Testing Against a Non-Standard Null

You can test against null values other than 0.5:

# Test if the relative effect differs from 0.3
brunner_munzel(formula = extra ~ group,
               data = sleep,
               mu = 0.3)
## Sample size in at least one group is small. Permutation test (test_method = 'perm') is highly recommended.
## 
##  Two-sample Brunner-Munzel test
## 
## data:  extra by group
## t = -0.39392, df = 16.898, p-value = 0.6986
## alternative hypothesis: true relative effect is not equal to 0.3
## 95 percent confidence interval:
##  0.01387048 0.49612952
## sample estimates:
## P(1>2) + .5*P(1=2) 
##              0.255

Interpreting Brunner-Munzel Results

When interpreting the Brunner-Munzel test results:

  1. The relative effect (p-hat) is the primary measure of interest
  2. Values near 0.5 suggest no tendency for one group to produce larger values than the other
  3. For equivalence testing, you are testing whether this relative effect falls within your specified bounds
  4. A significant equivalence test suggests that the probability of superiority is statistically confined to your specified range

Choosing the Right Test Method

Use test_method = "t" when:

  • Sample sizes are moderate to large (n ≥ 15 per group)
  • You want the fastest computation
  • The relative effect estimate is not near the boundaries (0 or 1)

Use test_method = "logit" when:

  • The relative effect estimate is close to 0 or 1
  • You need confidence intervals guaranteed to stay within [0, 1]
  • Sample sizes are moderate to large

Use test_method = "perm" when:

  • Sample sizes are small (n < 15 per group)
  • You want better Type I error control in small samples
  • Precision is more important than computational speed

Note that the permutation approach can be computationally intensive for large datasets. Additionally, with a permutation test you may observe situations where the confidence interval and the p-value would yield different conclusions.

Non-Inferiority Testing

The Brunner-Munzel test can be used for non-inferiority testing in clinical trials with ordered categorical data (Munzel & Hauschke, 2003).
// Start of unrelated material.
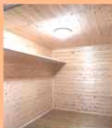
無垢材の収納内部です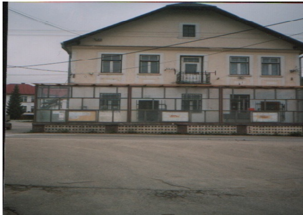
Nový prístrešok na urbárskej budove

By setting appropriate bounds, you can test whether a new treatment is not relevantly inferior to a standard:

# Example: test non-inferiority with lower bound of 0.35
# (i.e., the new treatment should not be substantially worse)
brunner_munzel(formula = extra ~ group,
               data = sleep,
               alternative = "greater",
               mu = 0.35)
## Sample size in at least one group is small. Permutation test (test_method = 'perm') is highly recommended.
## 
##  Two-sample Brunner-Munzel test
## 
## data:  extra by group
## t = -0.83161, df = 16.898, p-value = 0.7914
## alternative hypothesis: true relative effect is greater than 0.35
## 95 percent confidence interval:
##  0.0562039 1.0000000
## sample estimates:
## P(1>2) + .5*P(1=2) 
##              0.255

Resampling Methods: Bootstrapping and Permutation

Resampling methods provide robust alternatives to parametric t-tests by using the data itself to approximate the sampling distribution of the test statistic. TOSTER offers two complementary resampling approaches: bootstrapping and permutation testing. While both methods relax distributional assumptions, they differ in their mechanics and are suited to different situations.

Conceptual Overview

Bootstrapping resamples with replacement from the observed data to estimate the variability of a statistic. The bootstrap distribution approximates what we would see if we could repeatedly sample from the true population. This approach is particularly useful when you want confidence intervals and effect size estimates alongside your p-values.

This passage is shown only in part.